Адольф Гитлер. Шестой съезд партии, из доклада о «Тысячелетнем рейхе»
Я чувствую, что мой долг по отношению к моим соотечественникам – записать эти предостережения для грядущей расы.
Эдуард Булвер, лорд Литтон. Грядущая раса.
«Сиреневый уголок» неизменно утопает в цветах, оставаясь одним из самых очаровательных парижских ресторанов в любое время года. Обстановка там совершенно не соответствовала тому мрачному путешествию по нацистской Германии и Австрии, в которое нас увлек сегодня томный взгляд моей бабушки Зои. При входе нас встретили пушистые грозди белой сирени. Наш столик находился перед балконом, украшенным решетками, увитыми виноградными лозами.
Зоя сообщила нам, что заранее сделала заказ. Отведав принесенное сомелье вино и дождавшись, пока всех нас обслужили, она вернулась к нашей излюбленной теме: истории нашего семейства.

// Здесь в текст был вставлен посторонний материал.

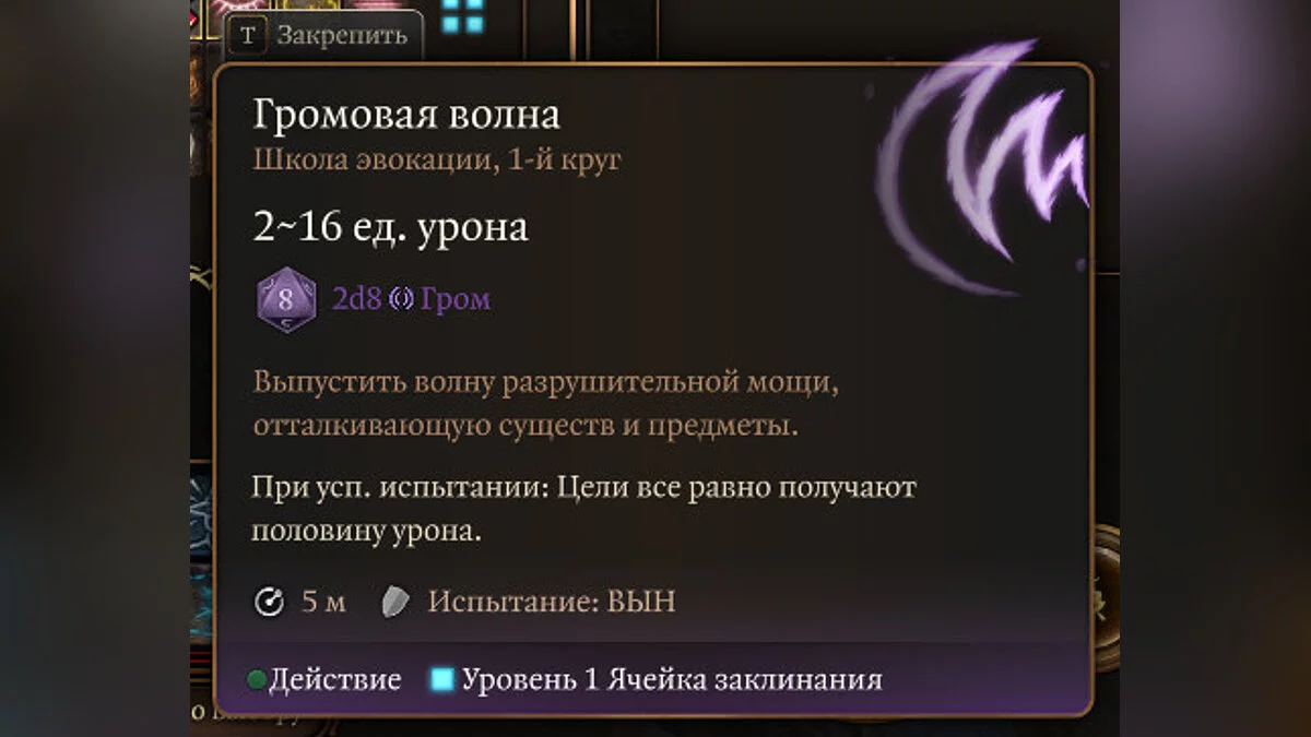 «1d8 + 3» — это обозначение того, как игра будет высчитывать урон, который вы нанесли попаданием по врагу. В тот момент, когда вы атакуете гоблина, игра за вас кидает кубик и смотрит на результат. «1d8» означает, что она кинет 1 кубик с восемью гранями (d8), а после прибавит к результату 3 единицы урона. Вот и всё. Первое число в «1d8» — количество бросаемых кубиков. Второе — максимальный показатель, который может выпасть на оружии. При ударе громовой волной вы наносите «2d8» урона, кидая два восьмигранных кубика и складывая их значения.

– Как я уже упомянула, – начала она, – высоко в Швейцарских Альпах, поблизости от перевала Малый Сен-Бернар, берут начало четыре реки. Около века назад в том месте образовалась утопическая община. Моя бабушка Клио, крайне важный, но не стремившийся к славе персонаж нашей истории, прожила там много лет с моим дедушкой Эразмом Беном, одним из главных основателей этой общины.
В моей голове вдруг зазвенел колокольчик, напомнив рассказ Дакиана Бассаридеса об утопиях перед экскурсией по залам венского Хофбурга: он тогда заметил, что идеалисты, охваченные идеей улучшения цивилизации, зачастую заканчивают попытками выведения людей более совершенной породы.
– Идеальный мир в горном уединении, возрождение золотого века, – продолжала Зоя. – В прошлом веке такими идеями заразились буквально все, а многие лелеют их и доныне. Но – и это я тоже говорила – жизнь далеко не так проста, чтобы можно было разложить ее на черно-белые составляющие. Вполне возможно, что стремление моего дедушки к такой утопии стало главной причиной всех последовавших несчастий.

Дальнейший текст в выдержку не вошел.